■ DATA:
========
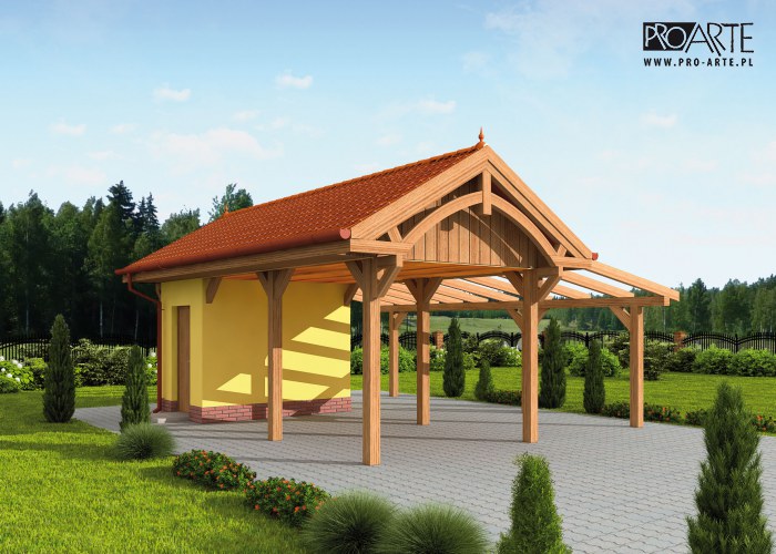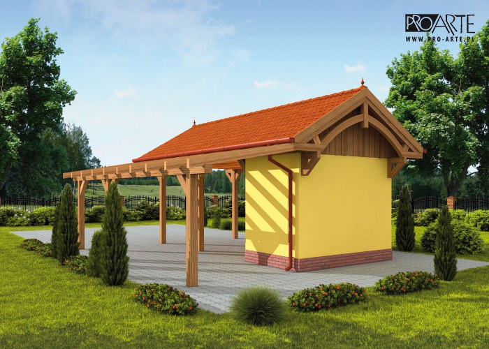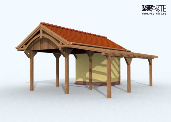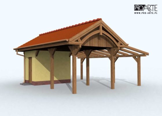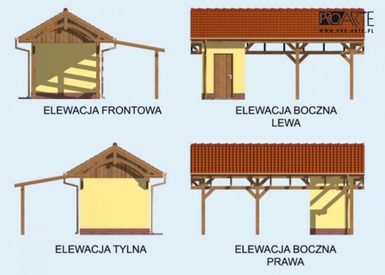 Budynek gospodarczy, wolnostojący. Projekt składa się z części architektonicznej, konstrukcyjnej i wewnętrznej instalacji elektrycznej. W projekcie załączone są podstawowe zestawienie stali, drewna i stolarki okienno-drzwiowej. Do projektu dołączamy bezpłatną zgodę na wprowadzenie zmian, oświadczenie projektantów o wykonaniu projektu zgodnie z obowiązującymi normami i przepisami oraz kserokopie uprawnień projektantów wraz z aktualnym wpisem do izby. W przypadku zamówienia projektu w technologii lekkiej, drewnianej konstrukcji szkieletowej, powierzchnia użytkowa budynku jest o około 7% większa.
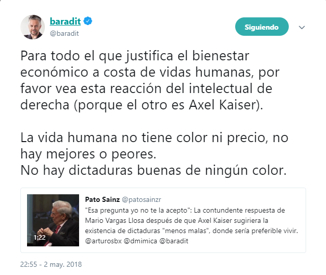 Otro que reaccionó fue el escritor Jorge Baradit, quien posteó que “Para todo el que justifica el bienestar económico a costa de vidas humanas, por favor vea esta reacción del intelectual de derecha (porque el otro es Axel Kaiser). La vida humana no tiene color ni precio, no hay mejores o peores. No hay dictaduras buenas de ningún color”.
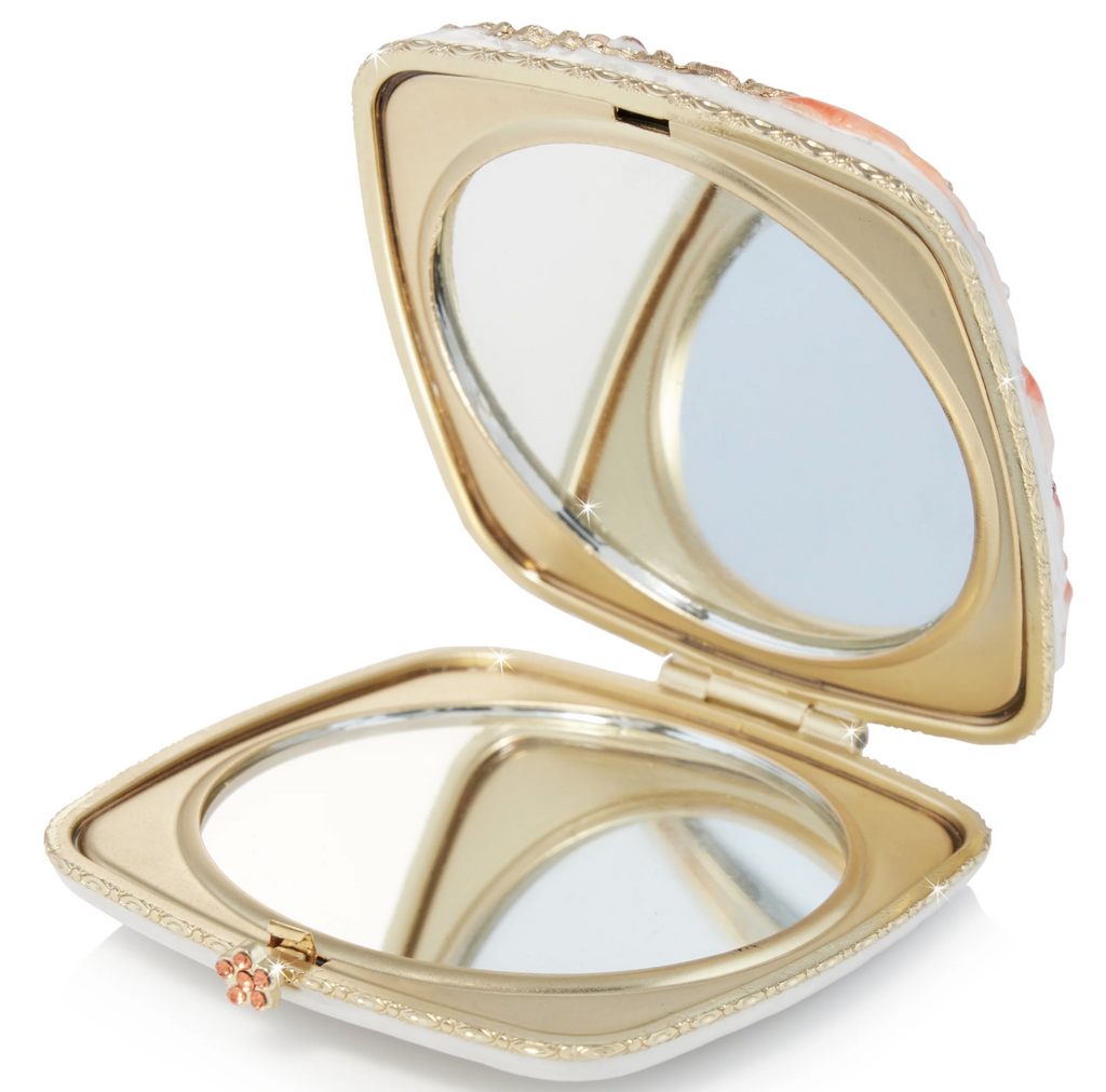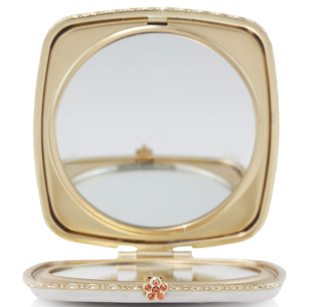 Materials: Zinc design upon a brass compact with a 14K gold finish, hand-enameled and hand-set with European crystals. Two interior mirrors – regular and magnified 2x.
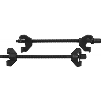 - **Описание** Стяжка пружин "усиленная" 370 мм. Плюсом стяжки являются компактные размеры, позволяющие использовать инструмент в ограниченном пространстве колесной арки, минусом – необходимость поочередной затяжки и отпуска ходовых винтов для предотвращения перекоса пружины. Изделие изготавливается из закаленной легированной хромомолибденовой стали, имеет защитное фосфатирование. При эксплуатации ограничено допускается применение механизированного инструмента. **Область применения** Предназначена для производства работ по обслуживанию упругих элементов подвески легковых автомобилей. Применяется для удержания спиральных пружин в сжатом состоянии и сжатия пружин подвески автомобиля полной массой до 2 тонн при их замене.
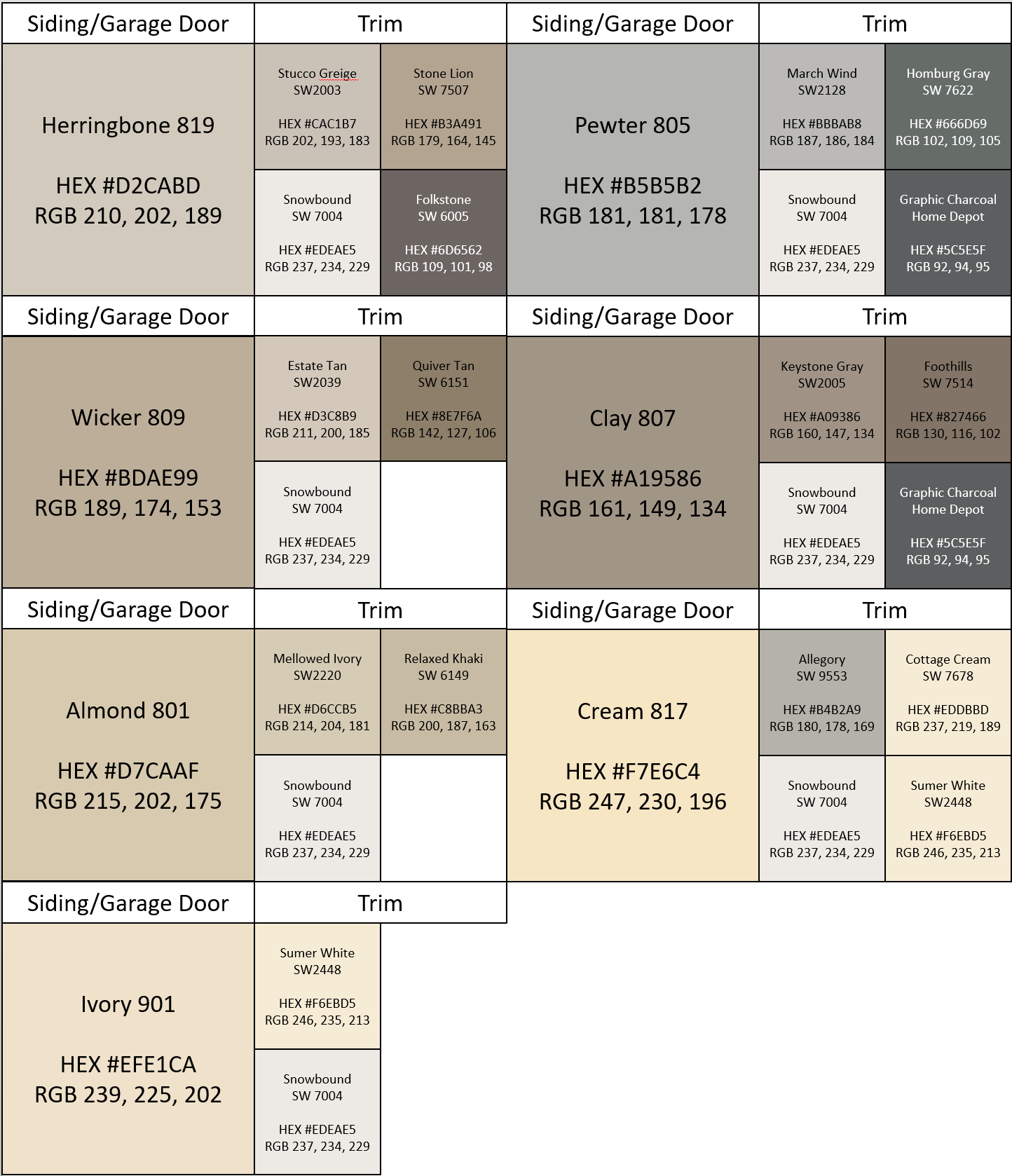The chart below displays the original color schemes and Sherman Williams paint colors for reference. Homes were originally one of the following color schemes, from A to G. Approved trim colors for legacy siding colors are below. Shutter and Doors must match as well.
========
■ TASK REQUIREMENTS:
Set down all entries above again, exactly, without images.

■ EXERCISE ANSWER:
 Budynek gospodarczy, wolnostojący. Projekt składa się z części architektonicznej, konstrukcyjnej i wewnętrznej instalacji elektrycznej. W projekcie załączone są podstawowe zestawienie stali, drewna i stolarki okienno-drzwiowej. Do projektu dołączamy bezpłatną zgodę na wprowadzenie zmian, oświadczenie projektantów o wykonaniu projektu zgodnie z obowiązującymi normami i przepisami oraz kserokopie uprawnień projektantów wraz z aktualnym wpisem do izby. W przypadku zamówienia projektu w technologii lekkiej, drewnianej konstrukcji szkieletowej, powierzchnia użytkowa budynku jest o około 7% większa.
 Otro que reaccionó fue el escritor Jorge Baradit, quien posteó que “Para todo el que justifica el bienestar económico a costa de vidas humanas, por favor vea esta reacción del intelectual de derecha (porque el otro es Axel Kaiser). La vida humana no tiene color ni precio, no hay mejores o peores. No hay dictaduras buenas de ningún color”.
 Materials: Zinc design upon a brass compact with a 14K gold finish, hand-enameled and hand-set with European crystals. Two interior mirrors – regular and magnified 2x.
 - **Описание** Стяжка пружин "усиленная" 370 мм. Плюсом стяжки являются компактные размеры, позволяющие использовать инструмент в ограниченном пространстве колесной арки, минусом – необходимость поочередной затяжки и отпуска ходовых винтов для предотвращения перекоса пружины. Изделие изготавливается из закаленной легированной хромомолибденовой стали, имеет защитное фосфатирование. При эксплуатации ограничено допускается применение механизированного инструмента. **Область применения** Предназначена для производства работ по обслуживанию упругих элементов подвески легковых автомобилей. Применяется для удержания спиральных пружин в сжатом состоянии и сжатия пружин подвески автомобиля полной массой до 2 тонн при их замене.
The chart below displays the original color schemes and Sherman Williams paint colors for reference. Homes were originally one of the following color schemes, from A to G. Approved trim colors for legacy siding colors are below. Shutter and Doors must match as well.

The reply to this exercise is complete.